_WHAT TO PRODUCE_
Please reproduce the entries below exactly from the line holding "央視網(wǎng)消息:20" through the last line, both included, and omit any pictures.

_DATA FOR REVIEW_
§

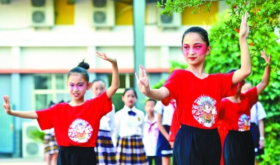 文化興國運興,文化強民族強。圖為河北省石家莊市裕華西路小學舉辦以“弘揚戲曲藝術 傳承經典國粹”為主題的校園戲曲節(jié)活動。新華社發(fā)
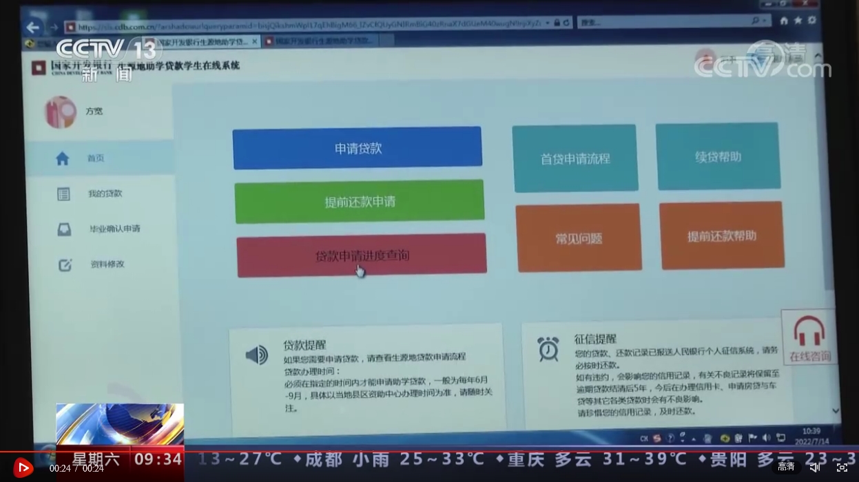 央視網(wǎng)消息:2022年7月15日起,國家開發(fā)銀行開始受理2022年國家助學(xué)貸款,部分省份農(nóng)信社承辦的國家助學(xué)貸款也將開始受理。家庭經(jīng)濟(jì)困難的學(xué)生首次辦理需出示高校錄取通知書以及本人的身份證、戶口本等,已經(jīng)獲得過助學(xué)貸款支持的學(xué)生只需在線申請(qǐng)即可辦理續(xù)貸。
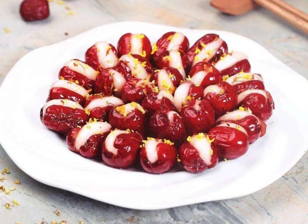 材料:红枣,糯米粉,桂花干、白砂糖、白芝麻适量
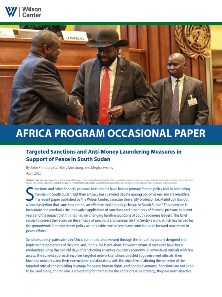 anctions and other financial pressure instruments have been a primary foreign policy tool in addressing the crisis in South Sudan, but their efficacy has spawned debate among policymakers and stakeholders. In a recent paper published by the Wilson Center, Syracuse University professor Jok Madut Jok lays out a broad assertion that sanctions are not an effective tool for policy change in South Sudan.
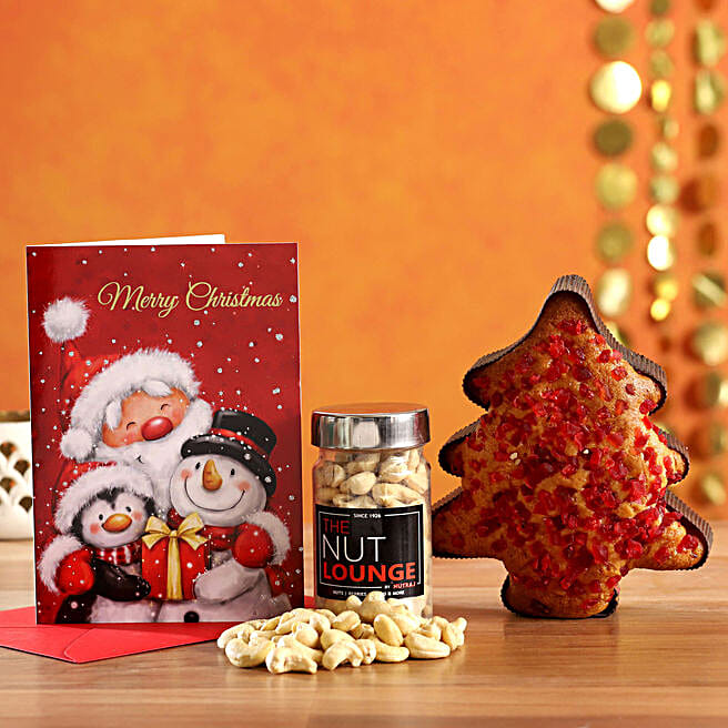 Merry Christmas Greeting Card With Cashew & Dry Fruit Cake
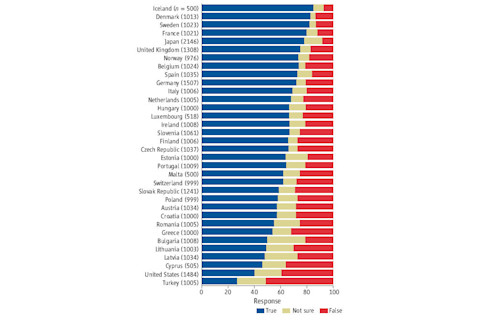 Well, at least we beat Turkey. (Actually I would have expected Turkey to do better.) The study also collected a bunch of other related data. Science reported from the study:
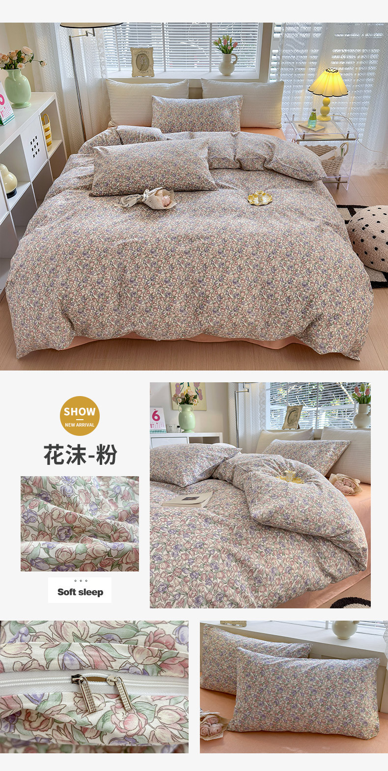 商品名称:怡家居 2024新款全棉印花第二批碎花类四件套 花沫-粉
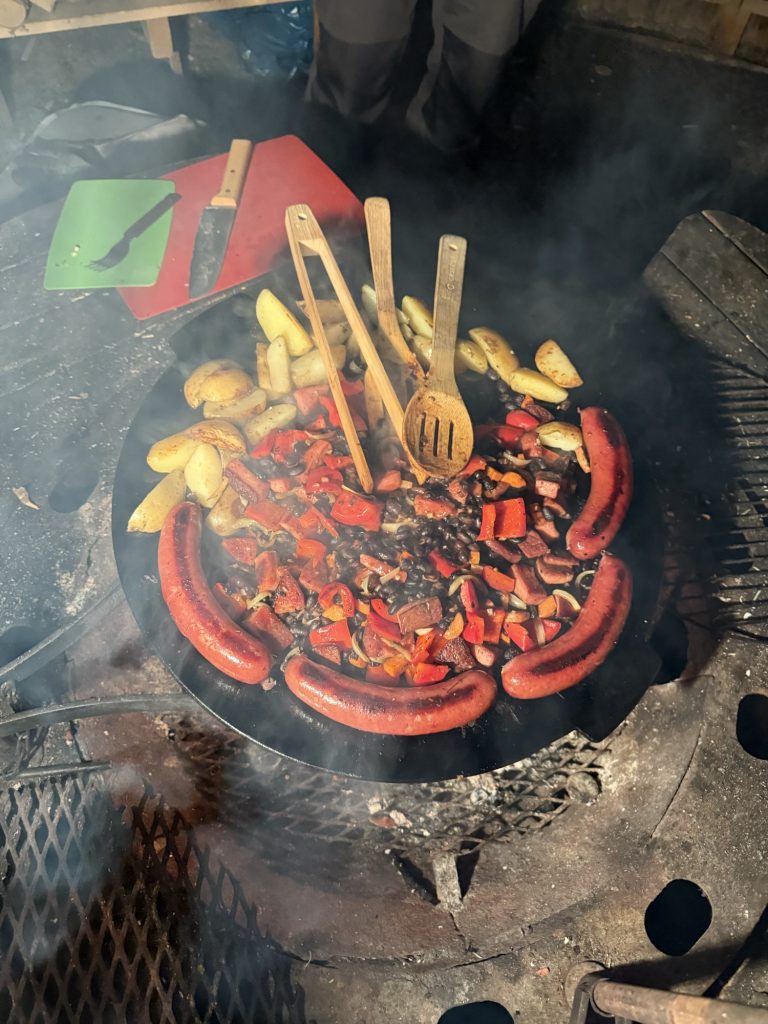 Zurück auf dem Campingplatz haben wir das Feuerchen wieder angefacht und somit die Grillstelle für das Abendessen vorbereitet: Rentierbratwurst, ein bisschen Falun-Wurst, schwarze Bohnen, Paprika, Karotten, Zwiebeln, Kartoffeln und vieeeele Gewürze. Lecker!

§

_RESPONSE BELOW_
 央視網(wǎng)消息:2022年7月15日起,國家開發(fā)銀行開始受理2022年國家助學(xué)貸款,部分省份農(nóng)信社承辦的國家助學(xué)貸款也將開始受理。家庭經(jīng)濟(jì)困難的學(xué)生首次辦理需出示高校錄取通知書以及本人的身份證、戶口本等,已經(jīng)獲得過助學(xué)貸款支持的學(xué)生只需在線申請(qǐng)即可辦理續(xù)貸。
 材料:红枣,糯米粉,桂花干、白砂糖、白芝麻适量
 anctions and other financial pressure instruments have been a primary foreign policy tool in addressing the crisis in South Sudan, but their efficacy has spawned debate among policymakers and stakeholders. In a recent paper published by the Wilson Center, Syracuse University professor Jok Madut Jok lays out a broad assertion that sanctions are not an effective tool for policy change in South Sudan.
 Merry Christmas Greeting Card With Cashew & Dry Fruit Cake
 Well, at least we beat Turkey. (Actually I would have expected Turkey to do better.) The study also collected a bunch of other related data. Science reported from the study:
 商品名称:怡家居 2024新款全棉印花第二批碎花类四件套 花沫-粉
 Zurück auf dem Campingplatz haben wir das Feuerchen wieder angefacht und somit die Grillstelle für das Abendessen vorbereitet: Rentierbratwurst, ein bisschen Falun-Wurst, schwarze Bohnen, Paprika, Karotten, Zwiebeln, Kartoffeln und vieeeele Gewürze. Lecker!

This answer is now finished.